■ Problem to solve:
Return the material below exactly, but only from the line with "Full Suede Chaps, zips" through the line with "河南省开封市五校2024-2025学年高二上学期11月期中联考生物学答案", and without its pictures.

:: Information supplied

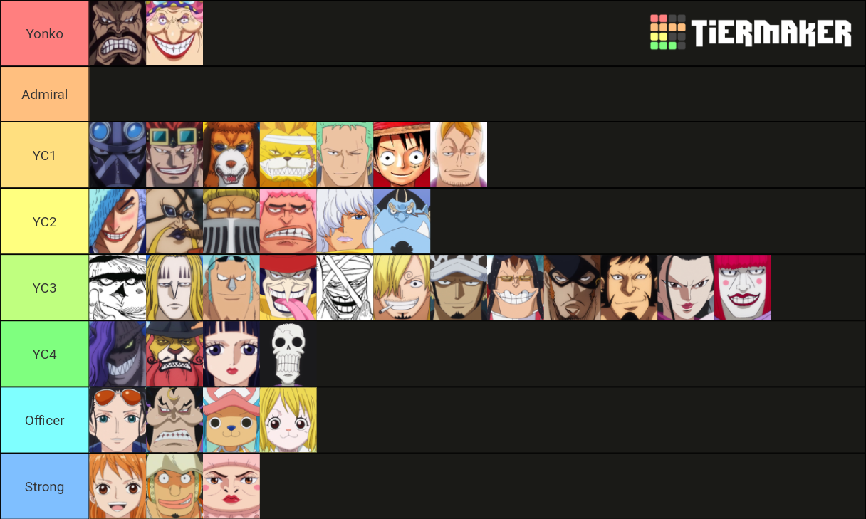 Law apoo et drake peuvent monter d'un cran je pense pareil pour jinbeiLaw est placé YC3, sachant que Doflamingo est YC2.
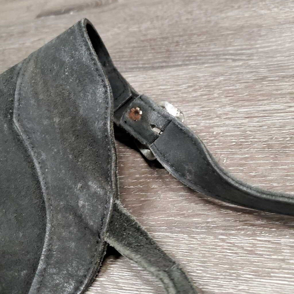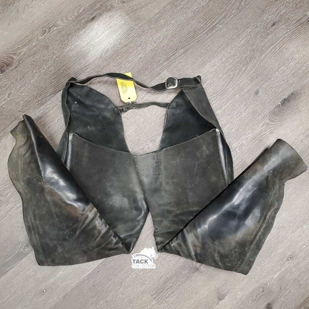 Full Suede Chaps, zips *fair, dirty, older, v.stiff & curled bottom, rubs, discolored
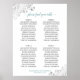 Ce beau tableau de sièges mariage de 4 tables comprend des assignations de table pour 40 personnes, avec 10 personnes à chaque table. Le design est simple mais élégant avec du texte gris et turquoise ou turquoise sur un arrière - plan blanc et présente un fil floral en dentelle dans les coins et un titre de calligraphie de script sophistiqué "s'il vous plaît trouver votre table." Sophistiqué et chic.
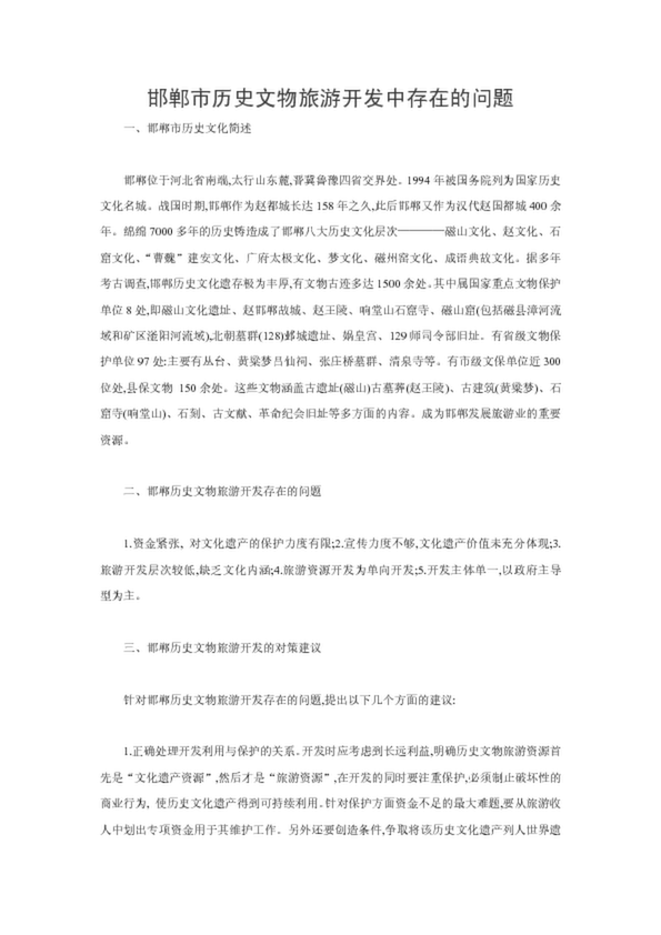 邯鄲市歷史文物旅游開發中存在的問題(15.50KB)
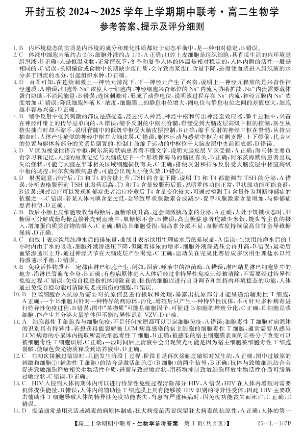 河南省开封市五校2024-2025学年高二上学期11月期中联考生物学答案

::::
:: Information supplied

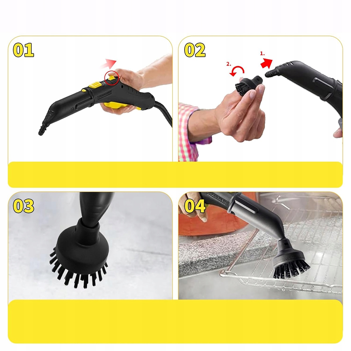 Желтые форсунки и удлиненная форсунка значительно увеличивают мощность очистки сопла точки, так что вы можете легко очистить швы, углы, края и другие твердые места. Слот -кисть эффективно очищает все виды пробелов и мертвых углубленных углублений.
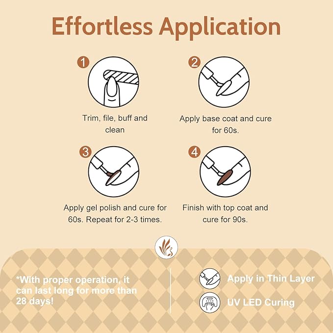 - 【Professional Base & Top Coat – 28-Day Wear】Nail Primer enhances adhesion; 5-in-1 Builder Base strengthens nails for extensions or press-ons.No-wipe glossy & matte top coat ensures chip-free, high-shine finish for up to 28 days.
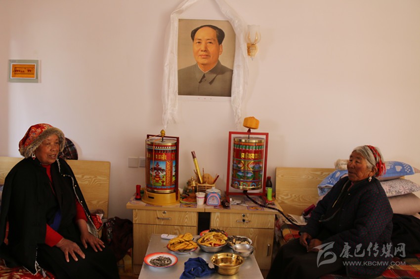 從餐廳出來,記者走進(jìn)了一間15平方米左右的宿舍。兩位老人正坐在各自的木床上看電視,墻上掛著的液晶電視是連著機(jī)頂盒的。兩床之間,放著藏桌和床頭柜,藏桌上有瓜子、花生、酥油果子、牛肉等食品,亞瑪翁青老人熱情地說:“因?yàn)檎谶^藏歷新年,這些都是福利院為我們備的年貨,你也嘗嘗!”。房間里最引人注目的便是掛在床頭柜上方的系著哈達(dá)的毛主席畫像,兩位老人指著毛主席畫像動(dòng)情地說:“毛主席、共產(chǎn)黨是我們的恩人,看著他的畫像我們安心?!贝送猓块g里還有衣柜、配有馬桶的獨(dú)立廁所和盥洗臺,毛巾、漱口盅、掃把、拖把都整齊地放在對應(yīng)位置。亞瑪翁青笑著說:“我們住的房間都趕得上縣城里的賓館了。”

::::

■ Response to the exercise:
 Full Suede Chaps, zips *fair, dirty, older, v.stiff & curled bottom, rubs, discolored
 Ce beau tableau de sièges mariage de 4 tables comprend des assignations de table pour 40 personnes, avec 10 personnes à chaque table. Le design est simple mais élégant avec du texte gris et turquoise ou turquoise sur un arrière - plan blanc et présente un fil floral en dentelle dans les coins et un titre de calligraphie de script sophistiqué "s'il vous plaît trouver votre table." Sophistiqué et chic.
 邯鄲市歷史文物旅游開發中存在的問題(15.50KB)
 河南省开封市五校2024-2025学年高二上学期11月期中联考生物学答案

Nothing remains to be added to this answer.